Enforcing a style guide is not a manual feat. No developer can be expected to remember hundreds of rules and check every line against each of them. Why not make the computer do it?
Every language that I’ve ever worked in has a linter written for it. JavaScript has ESLint; Python has Black, and Ruby has RuboCop. These linters do the simple job of making sure your code follows the prescribed set of style rules. A few linters like RuboCop also enforce good practices such as atomic functions and better variable names. Such hints are very often helpful in detecting and fixing bugs before they cause issues in production.
Example:
Consider the following JavaScript snippet where you print a fruit name from a list. The list remains unchanged throughout the program.
var fruits = ['Apple', 'Banana', 'Cherry', 'Mango']
console.log(fruits[0])
ESLint, if so configured, can make sure you use constants wherever possible to avoid side-effects in your code. It’s a good practice but easy to miss if you don’t have a linter.
const fruits = ['Apple', 'Banana', 'Cherry', 'Mango']
console.log(fruits[0])
Enforcing the use of const
and let
, which are block-scoped, over var
leads to programs that are easier to debug and is generally considered a good practice.
Another thing developers love is testing their code, making sure it holds up for various inputs. Practices like test-driven development emphasize the importance of testing the code that you write. But writing tests takes time and effort. It is hard to gauge every possible input and make sure your code holds up to that.
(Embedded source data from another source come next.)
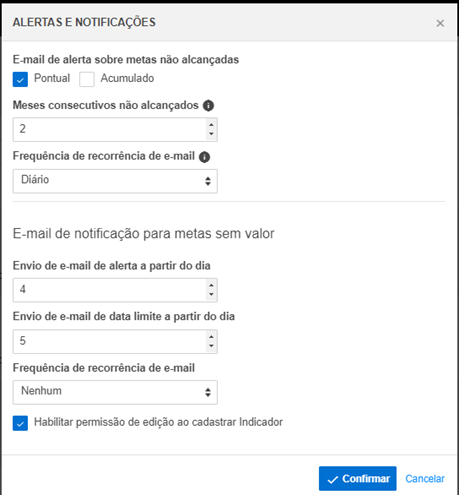 Ao definir esse gatilho, irão aparecer duas configurações adicionais que irão definir quantos meses consecutivos de resultados pontuais ou acumulados não alcançados serão necessários para que o e-mail de alerta seja enviado e a frequência de recorrência desses e-mails, podendo ser diária, semanal ou mensal.
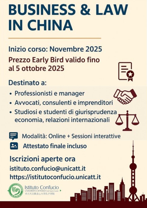 Scopri la nuova edizione del corso Business & Law in China (novembre 2025 - maggio 2026): un percorso formativo per approfondire le dinamiche legali e commerciali della Cina contemporanea. Promo Early Bird attiva fino al 5 ottobre, clicca qui per iscriverti e consultare il programma completo!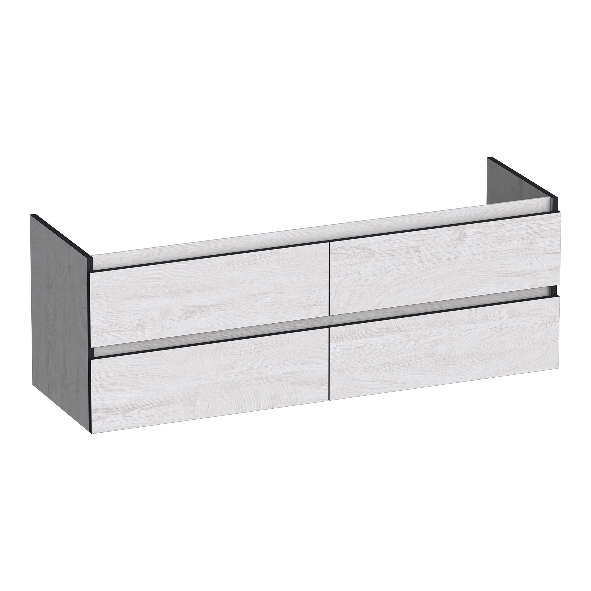 Met zijn strakke lijnen en symmetrische vormgeving creëert de onderkast een ingetogen elegantie. De zwarte omlijsting voegt een krachtig accent toe, terwijl de soft-close lades voor een vleugje luxe zorgen. Perfect voor wie houdt van een opgeruimde, moderne badkamer.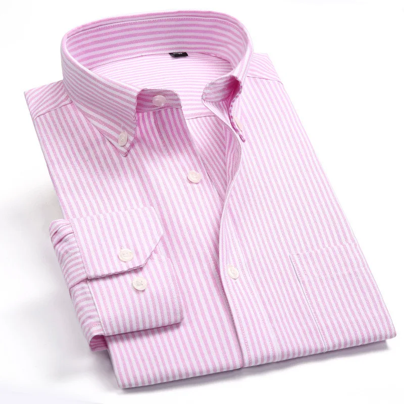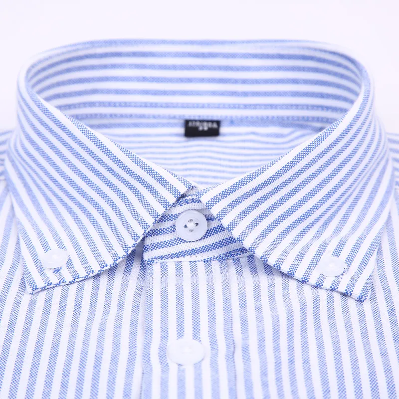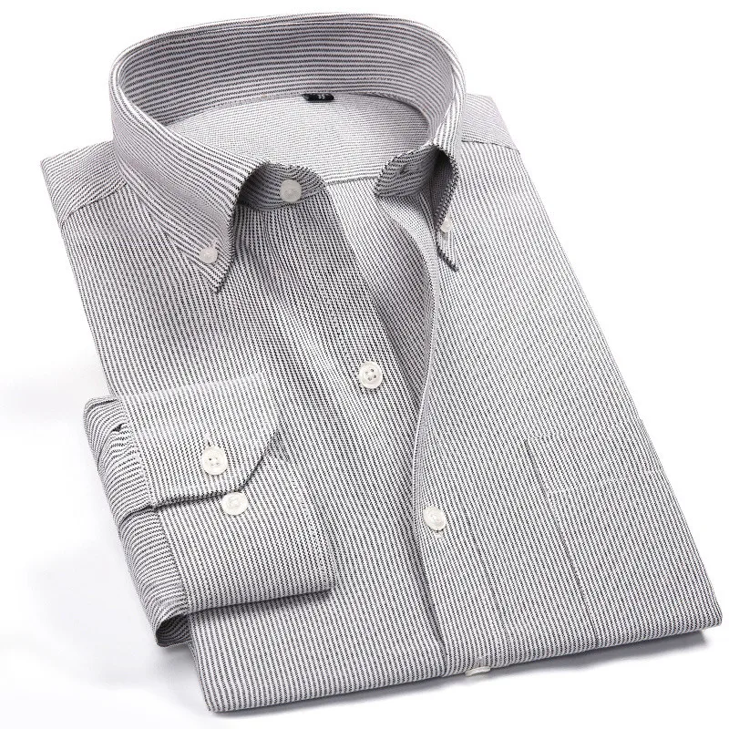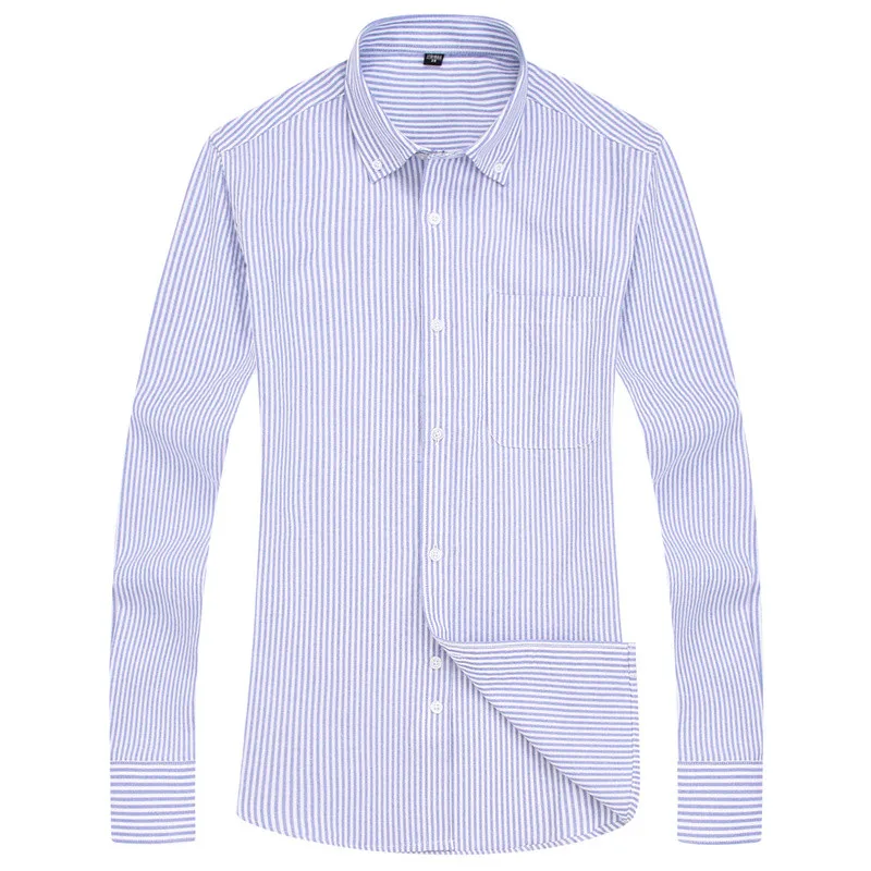 Мужская Повседневная рубашка в полоску из ткани Оксфорд с длинными рукавами, синяя Удобная дышащая рубашка с воротником и пуговицами на весну и осень, новинка 2022

Eventually, tests become too many and take hours to complete on larger codebases.
Static code analyzers do not suffer from this issue. You don’t need to write the tests; you can import entire libraries of presets. Additionally, static analyzers run incredibly fast as there is no code execution involved! In fact, many linters integrate with the editor and highlight issues with the code in real-time as you type.
Example:
Sometimes, real-time is just too fast.
Most static analyzers, especially linters and formatters, will not just point out issues but can also fix most of them for you. Linters like Black for Python and ESLint for JavaScript integrate with IDEs and can then automatically fix the edited files as soon as you save them.
This is extremely convenient because now, your code quality improves without you having to even consciously think about it. As developers, we’re spoilt for convenience, aren’t we?
Example:
ESLint has the --fix
flag that fixes common issues like unnecessary semicolons, trailing spaces, and dangling commas.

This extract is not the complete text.